There is growing interest in widening the use of sodium-glucose co-transporter-2 inhibitors (SGLT2i) to all people with type 2 diabetes mellitus (T2DM). However, pivotal randomised controlled trials (RCTs) evaluated these drugs only in highly selected populations, often lacking generalisability to real-world populations. Understanding the effects of SGLT2i in populations, where RCT evidence may be lacking is essential to help inform guideline development. To address this, we estimated the effect of empagliflozin in a real-world users, many of whom would not have been eligible for the pivotal EMPA-REG RCT.

Methods

We designed a trial emulation in UK primary care data, based on the EMPA-REG RCT, to assess the effect of empagliflozin in a more clinically relevant population. Adults with T2DM initiating empagliflozin (intervention) or dipeptidyl peptidase-4 inhibitors (active control) between 1 Jan 2014–31 Dec 2022 were included. Eligibility was extended to both RCT-eligible and RCT-ineligible individuals. The effect of empagliflozin on all-cause mortality was estimated using an adjusted Cox proportional hazards model, with stratified analyses by RCT eligibility.

Findings

The majority of people prescribed empagliflozin would not have met the EMPA-REG RCT eligibility criteria (11011/13239, 83.2% RCT-ineligible). During follow-up, all-cause mortality occurred in 551/13239 (4.2%) of the empagliflozin group and 6589/49264 (13.4%) of the active control group (adjusted HR 0.76, 95% CI 0.69–0.83). There was no evidence of differential treatment effect by RCT eligibility status (p-interaction=0.27).

Interpretation

Patients prescribed empagliflozin in real-world settings differ substantially from those enrolled in the EMPA-REG RCT. Using electronic health records, we demonstrate that the mortality benefit observed in EMPA-REG extends to a broader, more diverse real-world population, including those excluded from the original RCT. These findings provide a novel source of real-world evidence supporting the wider use of empagliflozin in routine clinical practice.

Funding

DKR, NIHR Doctoral Fellow (NIHR304689), is funded by the NIHR for this research project.

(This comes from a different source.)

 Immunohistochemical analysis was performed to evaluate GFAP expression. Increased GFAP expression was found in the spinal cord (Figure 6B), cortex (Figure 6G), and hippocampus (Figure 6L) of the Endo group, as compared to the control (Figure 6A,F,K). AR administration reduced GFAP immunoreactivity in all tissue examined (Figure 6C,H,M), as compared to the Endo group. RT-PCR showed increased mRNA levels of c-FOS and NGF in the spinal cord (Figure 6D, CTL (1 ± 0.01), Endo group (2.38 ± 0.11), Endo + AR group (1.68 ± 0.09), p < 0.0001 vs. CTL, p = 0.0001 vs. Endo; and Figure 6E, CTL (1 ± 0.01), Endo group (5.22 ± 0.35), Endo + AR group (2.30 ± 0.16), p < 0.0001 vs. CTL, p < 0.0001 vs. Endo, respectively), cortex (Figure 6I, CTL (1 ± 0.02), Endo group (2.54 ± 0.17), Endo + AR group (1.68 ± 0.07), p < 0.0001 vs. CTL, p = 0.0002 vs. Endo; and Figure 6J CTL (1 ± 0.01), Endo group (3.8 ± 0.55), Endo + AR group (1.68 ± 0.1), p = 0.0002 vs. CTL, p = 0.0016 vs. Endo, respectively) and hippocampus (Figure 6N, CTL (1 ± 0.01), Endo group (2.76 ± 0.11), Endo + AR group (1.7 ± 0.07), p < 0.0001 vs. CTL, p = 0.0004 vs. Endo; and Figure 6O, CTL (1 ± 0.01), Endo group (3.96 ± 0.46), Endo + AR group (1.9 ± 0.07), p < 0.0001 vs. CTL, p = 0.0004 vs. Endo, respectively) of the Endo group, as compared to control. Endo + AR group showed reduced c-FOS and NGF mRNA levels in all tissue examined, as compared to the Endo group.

RHK is funded by UK Research and Innovation (Future Leaders Fellowship). EW is funded by a Wellcome Senior Research Fellowship (grant number 224485/Z/21/Z). RTL is supported by the National Institute for Health Research University College London Hospitals Biomedical Research Centre, the UCL British Heart Foundation Accelerator (AA/18/6/34223), the MRC/NIHR Rare Disease Research UK Cardiovascular Initiative.

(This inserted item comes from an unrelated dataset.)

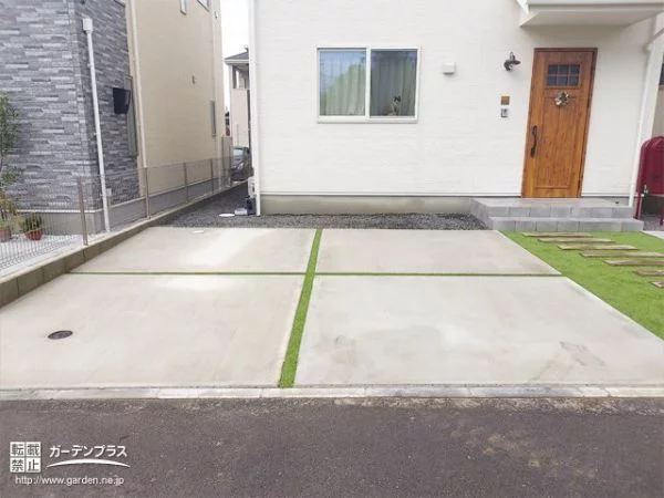 駐車スペース:土間コンクリート 刷毛引き仕上げ + スリット 人工芝

Evidence before this study

  • Randomised controlled trials (RCTs), including the seminal EMPA-REG RCT, have shown that empagliflozin, a sodium-glucose co-transporter-2 inhibitor (SGLT2i), significantly reduces mortality in people with type 2 diabetes (T2DM) and established atherosclerotic cardiovascular disease.

  • There is growing interest in expanding SGLT2i use to broader populations, with draft UK National Institute for Health and Care Excellence (NICE) 2025 guidelines proposing it as first-line therapy for all people with T2DM, in combination with metformin.

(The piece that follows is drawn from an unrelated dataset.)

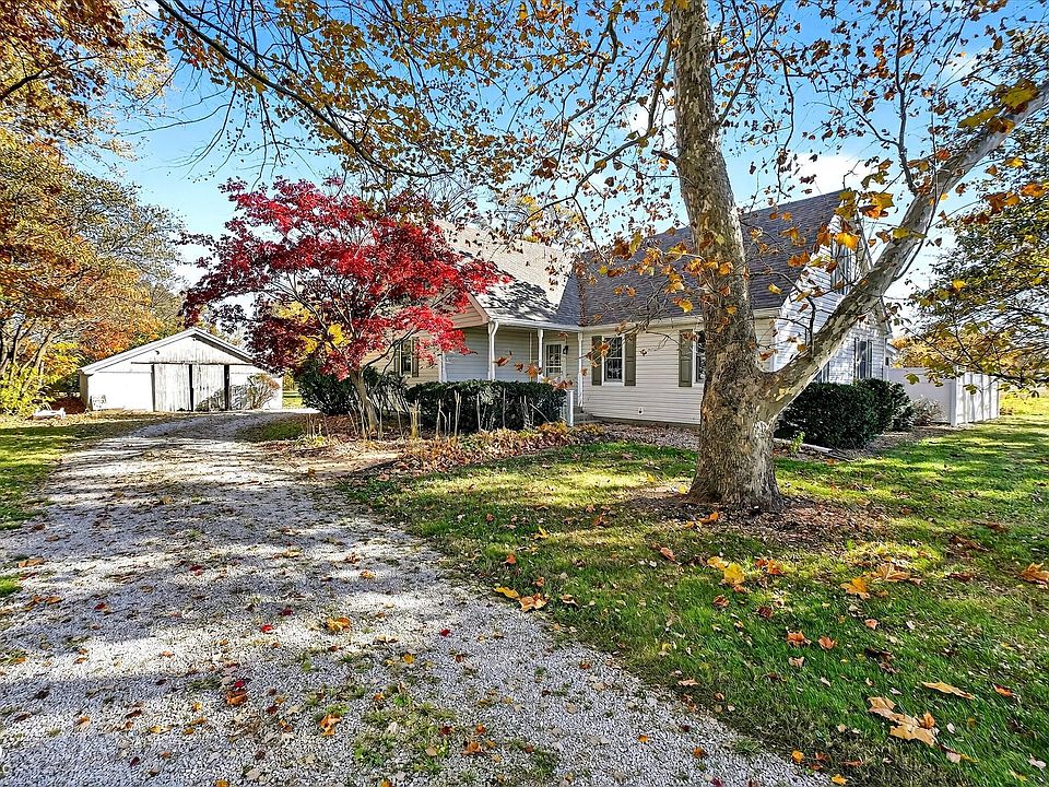 Welcome home to this charming and well-maintained farmhouse situated on 2 beautiful acres and in a great location with easy access to I-65! So many options with this one! The main level of this home features 3 bedrooms, one full and one half bath, large living/dining area and kitchen with solid surface counters and newer stainless steel appliances. Upstairs opens into a large room with fireplace that could be a game room, playroom, secondary living space, etc. There is also a bonus room on the second floor with attached full bathroom that could function as a 4th bedroom or office. Additional storage comes in the way of unfinished attic area that could easily be converted to more livable space! This charming home is finished with a barn that originally housed farm animals, and 2 picturesque acres with mature trees, low-maintenance landscaping and garden plot! HVAC, kitchen counters and appliances new in 2020. Water filtration (Kinetico) and septic cleaned within last year. New roof May 2024.

  • Given the growing divergence between RCT evidence and proposed universal use of SGLT2i in T2DM management, the real-world effectiveness of empagliflozin, particularly among patients under-represented in RCTs, remains uncertain.

Added value of this study

  • Using the trial emulation framework in UK primary care data, we demonstrate that the population receiving empagliflozin in current practice already differs substantially to the population enrolled in the EMPA-REG RCT.

  • We demonstrate that relaxing the stringent RCT eligibility criteria imposed by EMPA-REG RCT did not alter the treatment effect in real-world populations, with strong evidence of a mortality benefit in people, regardless of RCT eligibility status.

Implications of all the available evidence

  • These results support broader use of empagliflozin in T2DM management, beyond the eligibility criteria of landmark RCTs.

  • These findings provide critical real-world evidence supporting a universal SGLT2i strategy in T2DM management, which is of direct relevance to current guideline deliberations.